● Your task: From the line containing "- Pour the dark" to the line containing "Shellshocker, a big" in the records below, set down every line exactly as it stands, both ends included, and skip the pictures.

● Available records:
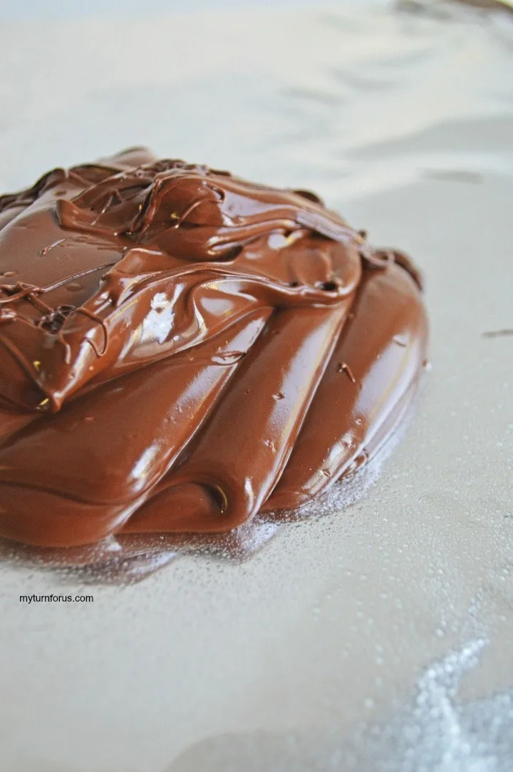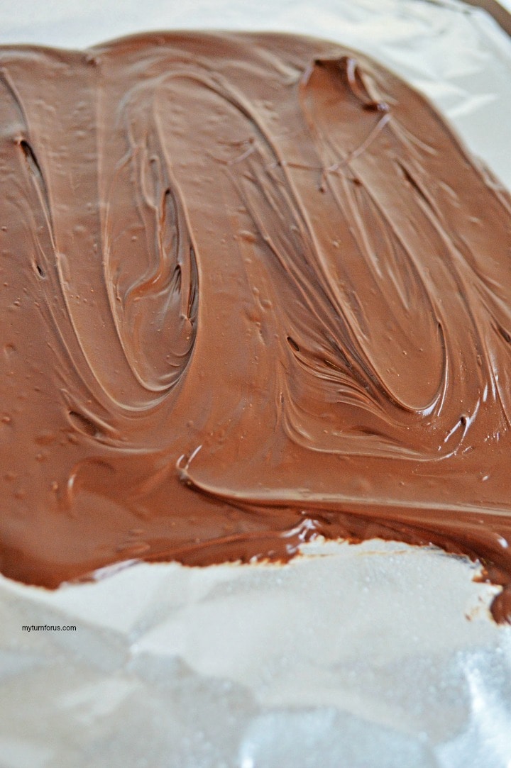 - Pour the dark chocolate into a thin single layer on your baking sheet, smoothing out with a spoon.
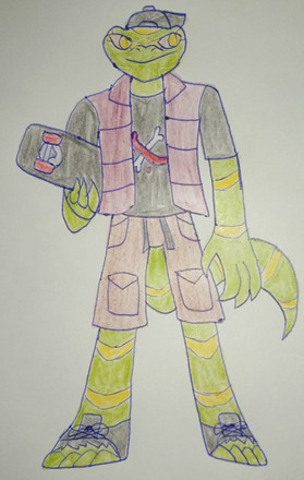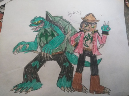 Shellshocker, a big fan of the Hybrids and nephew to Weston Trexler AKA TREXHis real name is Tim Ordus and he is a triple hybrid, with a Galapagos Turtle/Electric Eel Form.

...

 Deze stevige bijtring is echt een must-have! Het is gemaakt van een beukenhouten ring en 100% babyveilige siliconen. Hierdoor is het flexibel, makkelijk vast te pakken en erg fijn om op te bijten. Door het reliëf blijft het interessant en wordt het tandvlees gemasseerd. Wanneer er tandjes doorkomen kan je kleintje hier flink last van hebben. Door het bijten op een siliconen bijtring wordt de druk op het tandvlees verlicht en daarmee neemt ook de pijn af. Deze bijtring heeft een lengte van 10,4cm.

● Written answer:
 - Pour the dark chocolate into a thin single layer on your baking sheet, smoothing out with a spoon.
 Shellshocker, a big fan of the Hybrids and nephew to Weston Trexler AKA TREXHis real name is Tim Ordus and he is a triple hybrid, with a Galapagos Turtle/Electric Eel Form.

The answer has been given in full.